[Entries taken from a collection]
━━━━━━━━━━
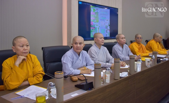 Tiếp đó, Thượng tọa Thích Nhật Từ, Phó Tổng Thư ký Thường trực Ủy ban Tổ chức Quốc gia Đại lễ Vesak Liên Hiệp Quốc 2025 tại Việt Nam đã báo cáo một số công tác chuẩn bị cho Đại lễ. Các hạng mục hình thức trang trí đã và đang được hoàn thiện như: cổng chào, các khu vực diễn ra những hoạt động chính của Đại lễ; các cung đường di chuyển trong và ngoài khuôn viên Học viện cũng như cung đường di chuyển từ sân bay Tân Sơn Nhất về Học viện; pano, áp-phích, khu tiếp đón khách tại sân bay Tân Sơn Nhất v.v…
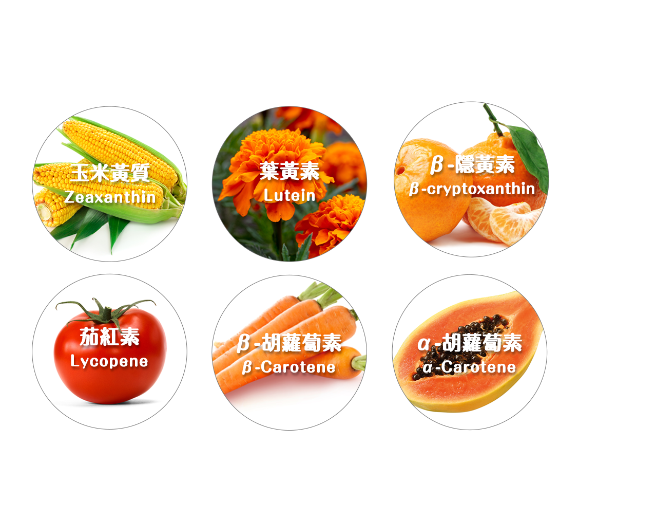 葉黃素是一種類胡蘿蔔素,存在於蔬菜、水果之中。通常葉黃素與玉米黃素會一起添加,可達到協同的效果。
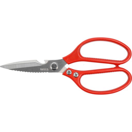 Az erős alumíniumból készült profilozott fogantyúk biztos és kényelmes fogást biztosítanak, míg a polírozott 3Cr13 rozsdamentes acél pengék élesek, tartósak és ellenállóak a korrózióval szemben hosszú ideig. Az alacsony súly és masszív kialakítás miatt az ollók kényelmesek és megbízhatóak a mindennapi, intenzív használat során.
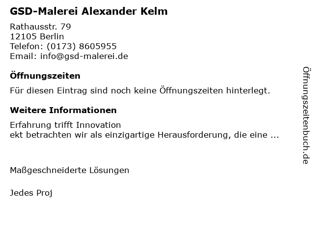 | Öffnungszeiten GSD-Malerei Alexander Kelm in Berlin anzeigen | |
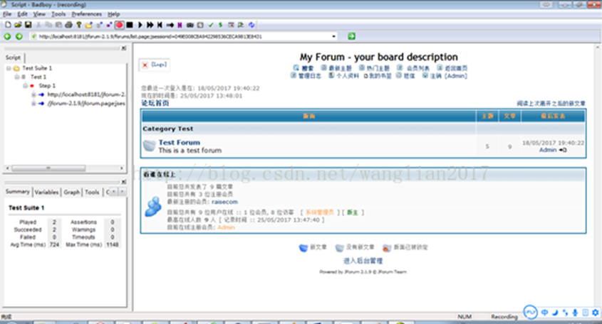 录制完成后点击保存,将录制结果保存为BadBoy脚本,以备后面使用。
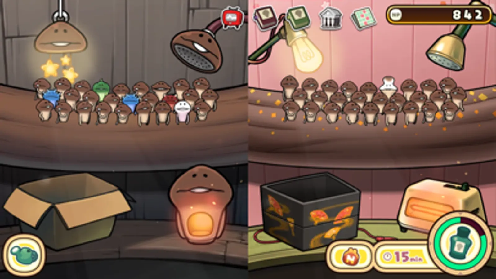 Feed and pick funghi from both gardens in one go! Harvest more funghi than ever before! What a rush!
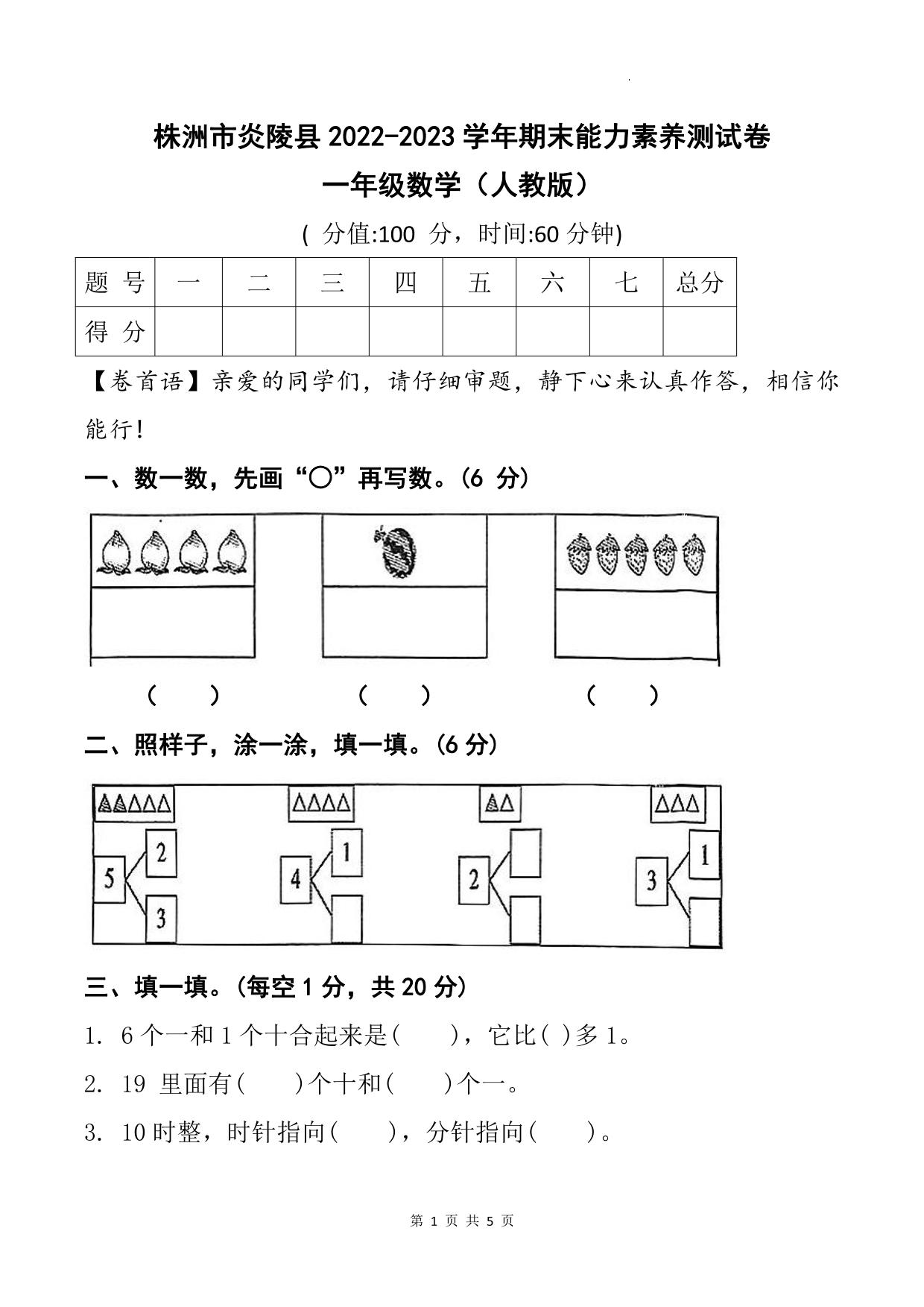 湖南省株洲市炎陵县2022—2023学年期末能力素养测试卷一年级数学(人教版)
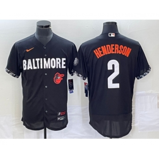 >Men's Nike Baltimore Orioles #2 Gunnar Henderson Black 2023 City Connect Flex Base Stitched Jersey 1
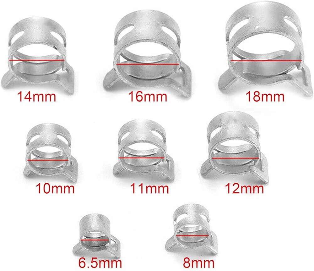 • [MULTI SIZE OPTIONS] This comprehensive set includes clamps for hoses with outer diameters of 6.5mm 8mm 10mm 11mm 12mm 14mm 16mm and 18mm covering most standard sizes. The variety ensures you always have the right clamp for your specific project or repair needs.
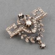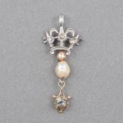 Samengestelde 2e gehalte zilveren en gouden hanger, zilveren kroon met hangoog gezet met drie roosdiamanten, waaronder gouden bol, parel en gouden hanger gezet met getinte roosdiamant, 19e eeuw, brutogewicht 2,6 gram, 4 cm -parel beschadigd-
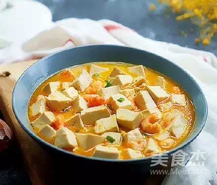 放入豆腐煮幾秒鐘,放入蝦仁煮開
━━━━━━━━━━
**PROBLEM DETAILS**
Output, exactly and without pictures, the span of lines that starts at the line containing "Feed and pick" and ends at the last line above.

**EXERCISE SOLUTION**
 Feed and pick funghi from both gardens in one go! Harvest more funghi than ever before! What a rush!
 湖南省株洲市炎陵县2022—2023学年期末能力素养测试卷一年级数学(人教版)
 >Men's Nike Baltimore Orioles #2 Gunnar Henderson Black 2023 City Connect Flex Base Stitched Jersey 1
 • [MULTI SIZE OPTIONS] This comprehensive set includes clamps for hoses with outer diameters of 6.5mm 8mm 10mm 11mm 12mm 14mm 16mm and 18mm covering most standard sizes. The variety ensures you always have the right clamp for your specific project or repair needs.
 Samengestelde 2e gehalte zilveren en gouden hanger, zilveren kroon met hangoog gezet met drie roosdiamanten, waaronder gouden bol, parel en gouden hanger gezet met getinte roosdiamant, 19e eeuw, brutogewicht 2,6 gram, 4 cm -parel beschadigd-
 放入豆腐煮幾秒鐘,放入蝦仁煮開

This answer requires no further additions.